▶ **Assignment**
A faithful copy is needed of the lines below from the one with "내부 건물은 차가운 콘크리트" up to and including the one with "在学习之余,Kevin博士带"; set it down with no pictures and no other lines.

─── Provided data ───

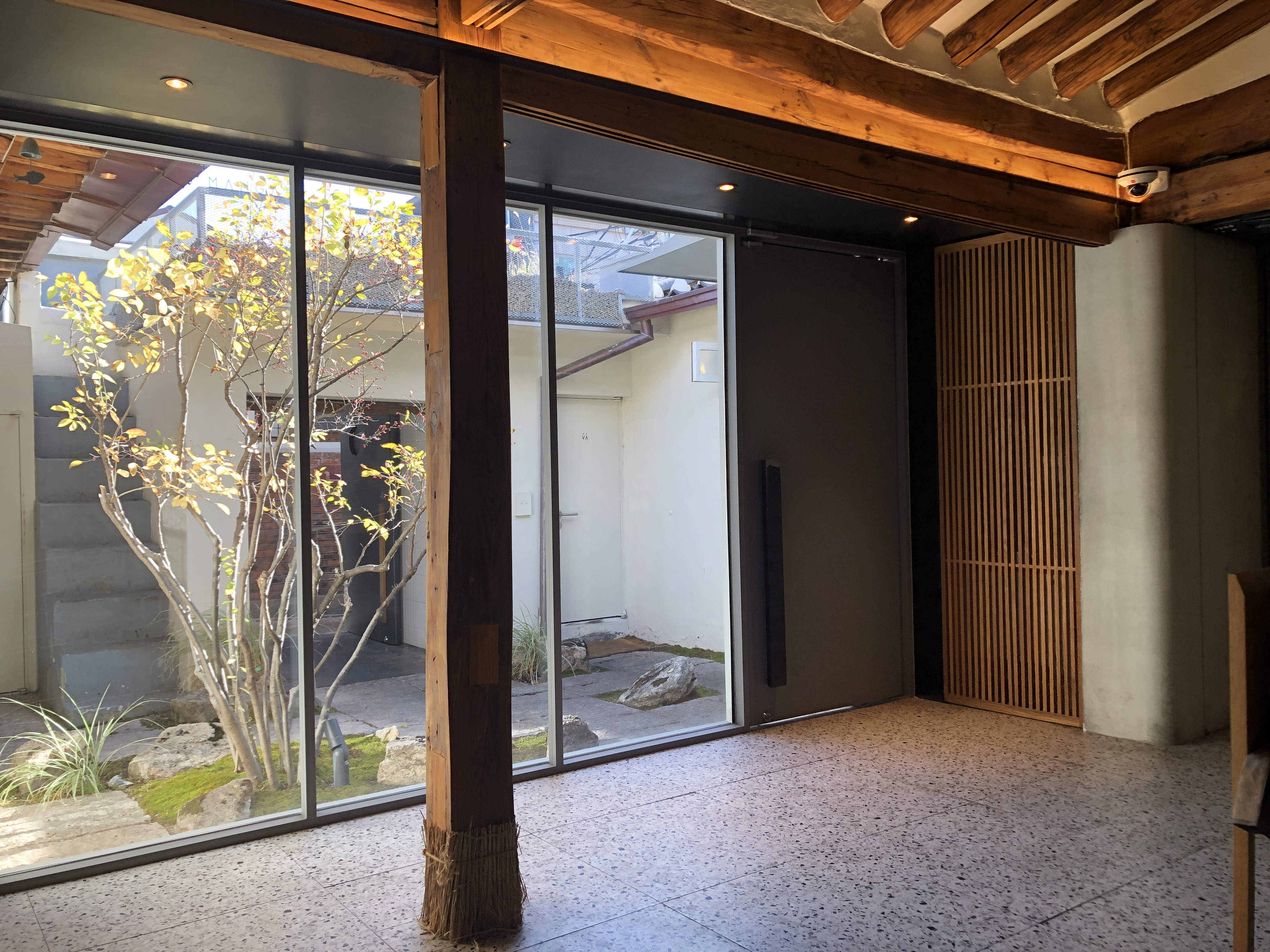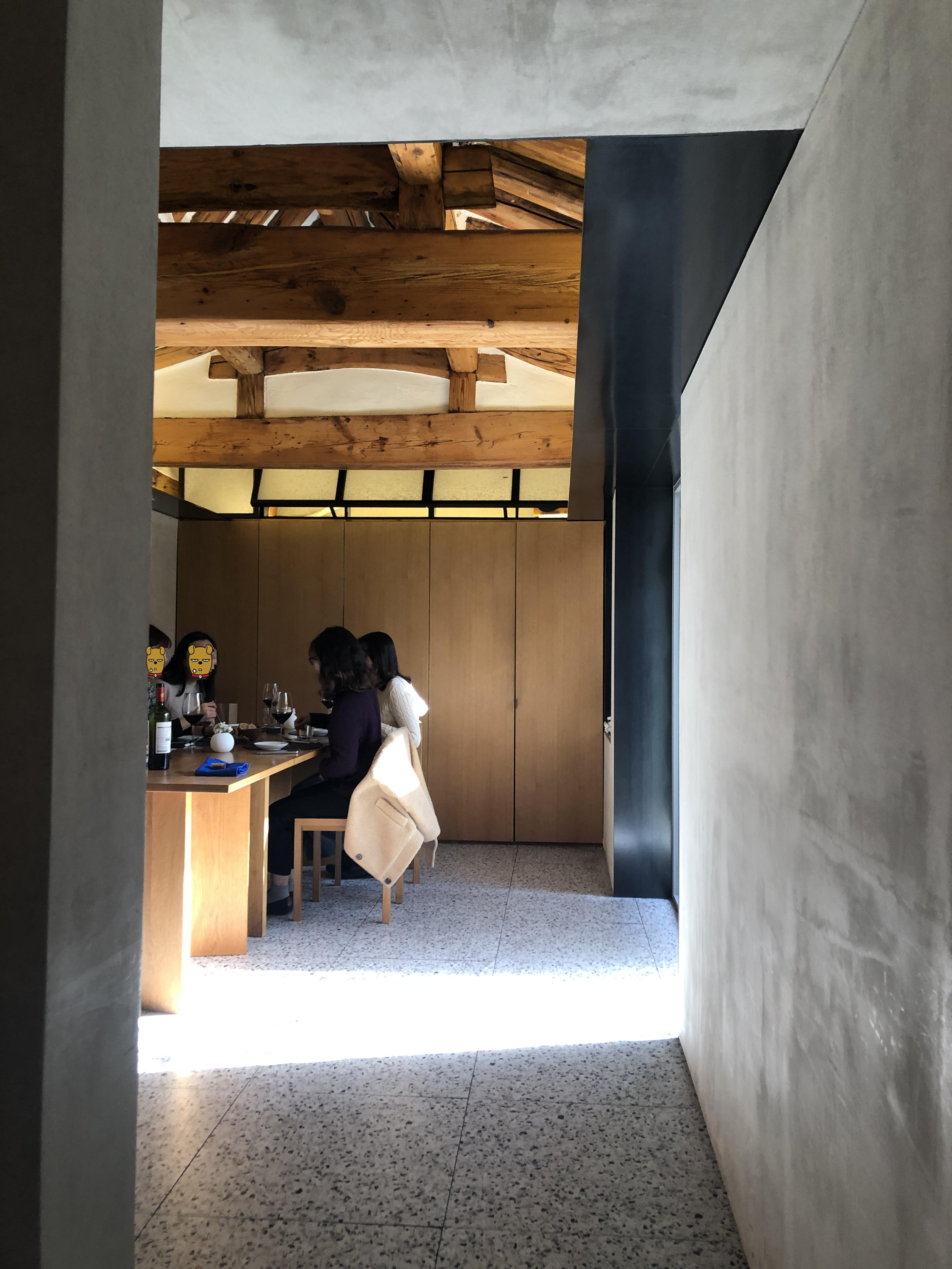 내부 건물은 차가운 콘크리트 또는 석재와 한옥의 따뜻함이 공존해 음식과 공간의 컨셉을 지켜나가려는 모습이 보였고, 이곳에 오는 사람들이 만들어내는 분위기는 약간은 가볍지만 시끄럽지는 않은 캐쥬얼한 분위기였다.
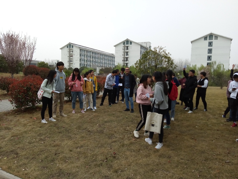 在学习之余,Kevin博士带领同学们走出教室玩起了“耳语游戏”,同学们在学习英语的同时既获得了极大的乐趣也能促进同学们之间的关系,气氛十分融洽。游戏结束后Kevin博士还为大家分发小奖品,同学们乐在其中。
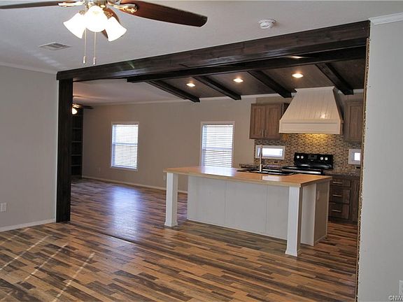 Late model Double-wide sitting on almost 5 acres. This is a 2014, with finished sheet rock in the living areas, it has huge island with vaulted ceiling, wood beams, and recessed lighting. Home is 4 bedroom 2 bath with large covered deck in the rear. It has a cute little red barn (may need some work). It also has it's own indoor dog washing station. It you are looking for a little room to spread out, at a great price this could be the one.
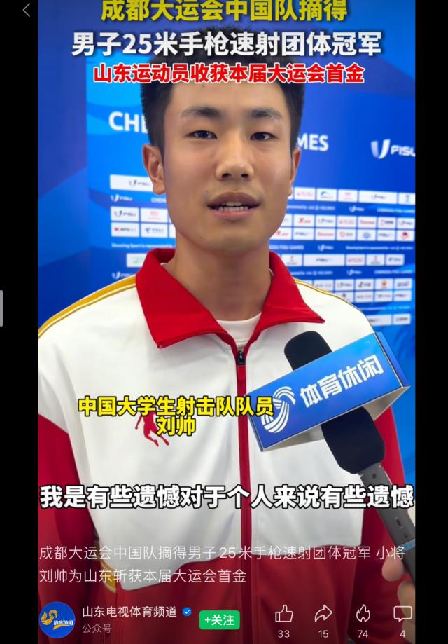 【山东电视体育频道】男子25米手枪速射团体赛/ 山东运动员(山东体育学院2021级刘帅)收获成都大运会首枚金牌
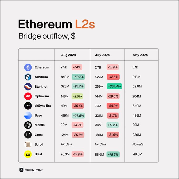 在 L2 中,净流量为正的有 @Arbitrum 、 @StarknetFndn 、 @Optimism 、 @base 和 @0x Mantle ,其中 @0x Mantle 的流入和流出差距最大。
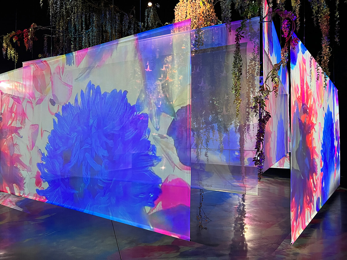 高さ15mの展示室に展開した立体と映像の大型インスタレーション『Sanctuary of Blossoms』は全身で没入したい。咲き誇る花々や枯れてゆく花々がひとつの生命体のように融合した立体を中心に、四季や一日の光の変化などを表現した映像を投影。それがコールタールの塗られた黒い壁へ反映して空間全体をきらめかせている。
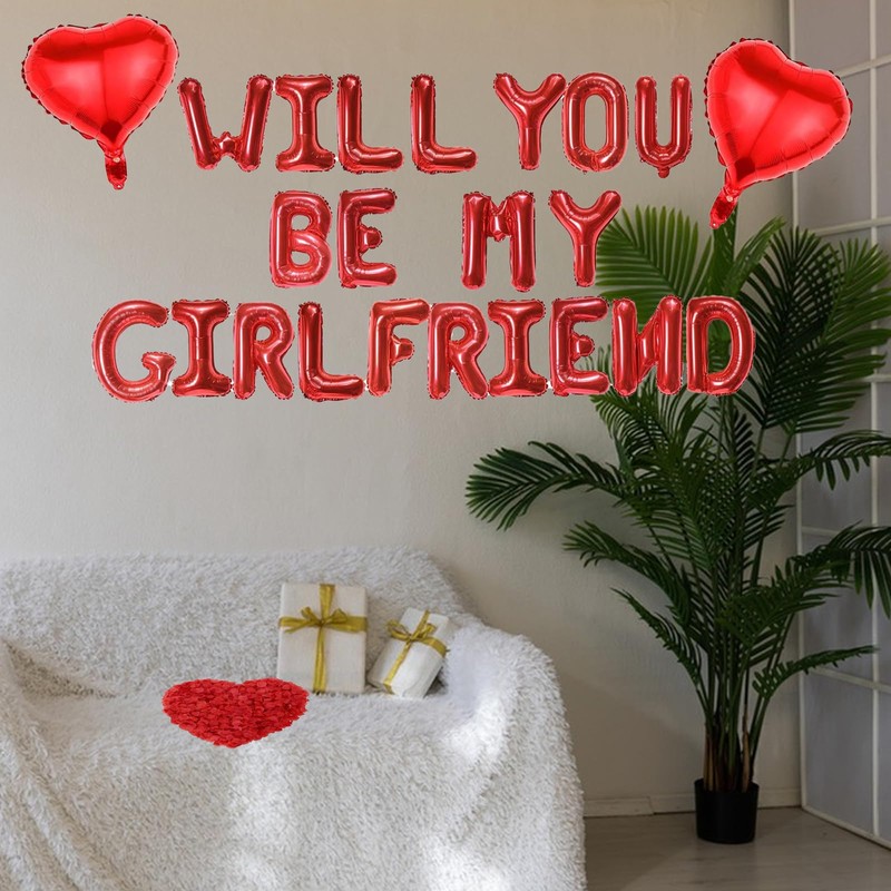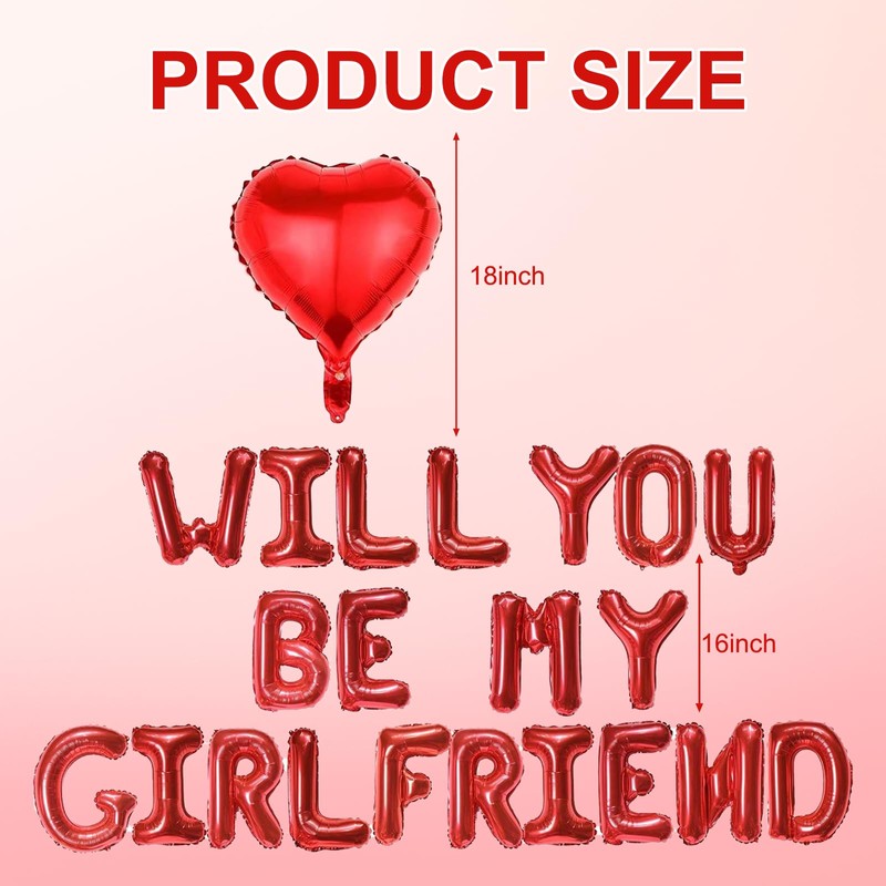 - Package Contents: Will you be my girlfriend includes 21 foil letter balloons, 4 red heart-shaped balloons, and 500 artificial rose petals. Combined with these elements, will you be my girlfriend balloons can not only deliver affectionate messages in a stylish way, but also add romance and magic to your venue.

───
─── Provided data ───

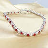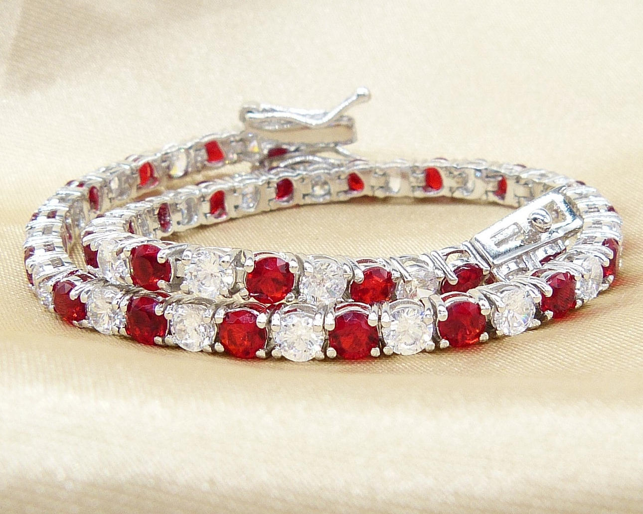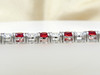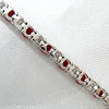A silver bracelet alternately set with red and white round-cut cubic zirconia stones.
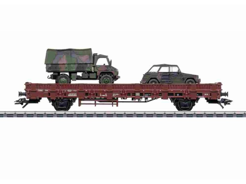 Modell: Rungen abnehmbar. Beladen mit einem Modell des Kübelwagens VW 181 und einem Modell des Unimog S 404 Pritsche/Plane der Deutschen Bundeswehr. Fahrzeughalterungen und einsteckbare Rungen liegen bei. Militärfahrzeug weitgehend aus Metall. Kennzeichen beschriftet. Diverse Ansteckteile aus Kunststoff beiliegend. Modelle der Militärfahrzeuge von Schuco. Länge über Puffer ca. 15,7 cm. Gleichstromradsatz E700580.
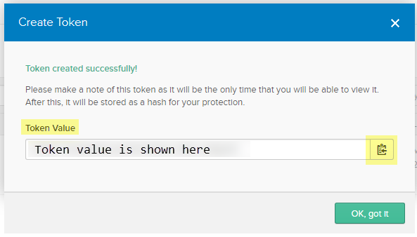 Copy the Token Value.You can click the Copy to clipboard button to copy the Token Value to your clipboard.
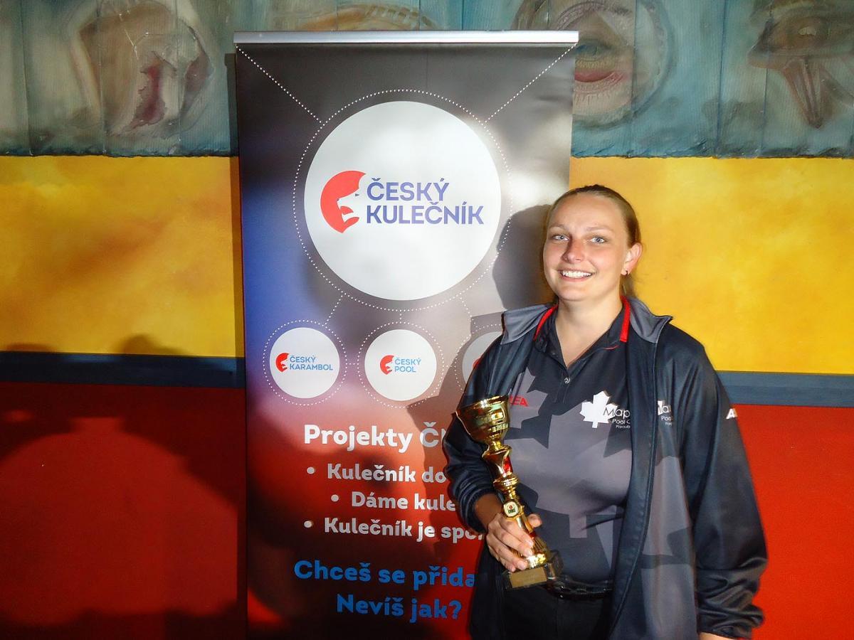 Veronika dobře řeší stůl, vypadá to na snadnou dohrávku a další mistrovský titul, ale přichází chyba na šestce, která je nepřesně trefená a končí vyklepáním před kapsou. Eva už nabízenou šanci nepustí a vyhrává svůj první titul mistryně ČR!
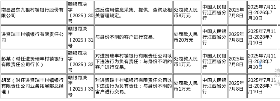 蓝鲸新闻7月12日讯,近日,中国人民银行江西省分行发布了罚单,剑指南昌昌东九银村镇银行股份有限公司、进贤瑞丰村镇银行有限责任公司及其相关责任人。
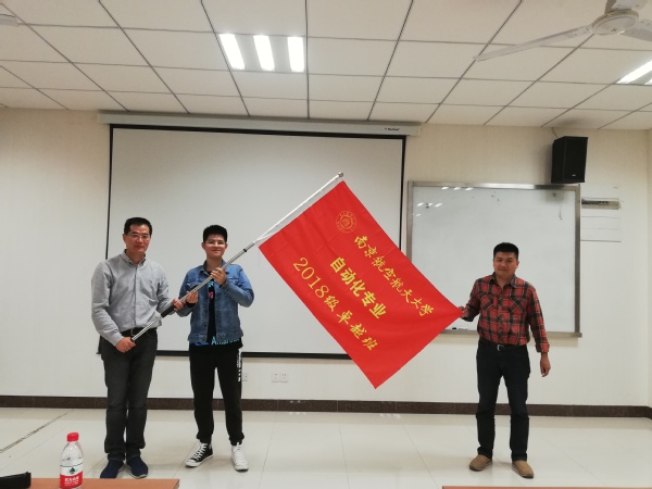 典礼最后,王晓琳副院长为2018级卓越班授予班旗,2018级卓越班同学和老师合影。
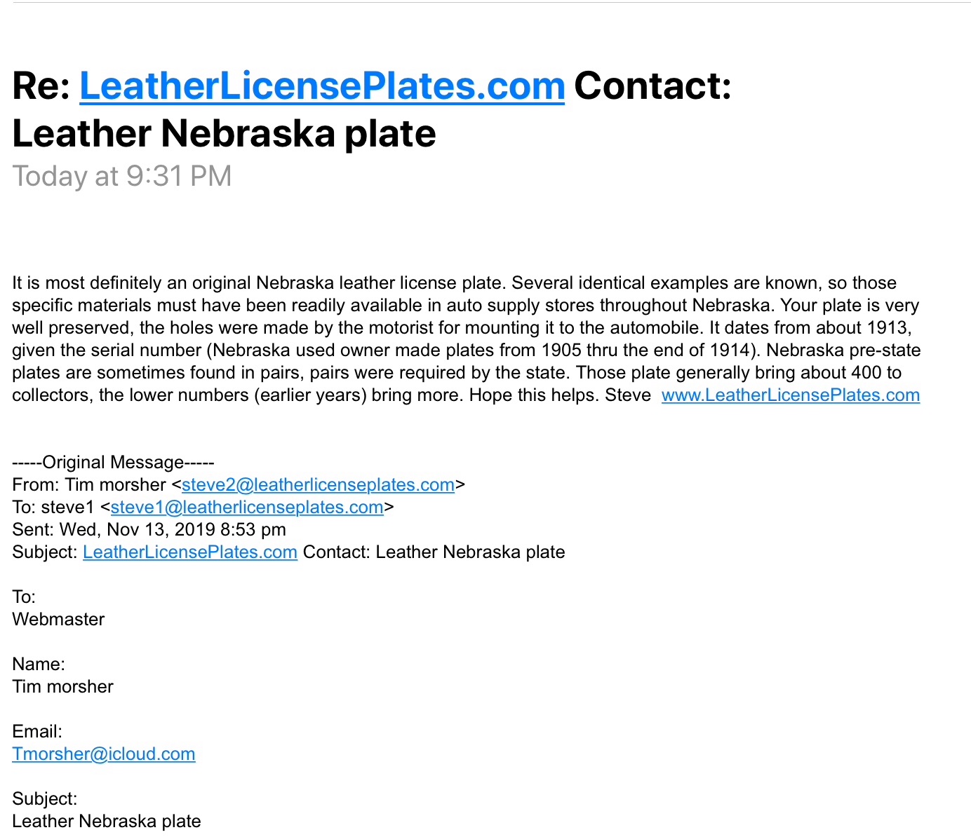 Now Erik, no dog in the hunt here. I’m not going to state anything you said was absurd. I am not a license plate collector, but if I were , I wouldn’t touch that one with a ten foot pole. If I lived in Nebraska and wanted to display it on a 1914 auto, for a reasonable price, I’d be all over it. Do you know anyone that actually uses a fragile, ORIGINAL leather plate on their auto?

───

▶ **Response area**
 내부 건물은 차가운 콘크리트 또는 석재와 한옥의 따뜻함이 공존해 음식과 공간의 컨셉을 지켜나가려는 모습이 보였고, 이곳에 오는 사람들이 만들어내는 분위기는 약간은 가볍지만 시끄럽지는 않은 캐쥬얼한 분위기였다.
 在学习之余,Kevin博士带领同学们走出教室玩起了“耳语游戏”,同学们在学习英语的同时既获得了极大的乐趣也能促进同学们之间的关系,气氛十分融洽。游戏结束后Kevin博士还为大家分发小奖品,同学们乐在其中。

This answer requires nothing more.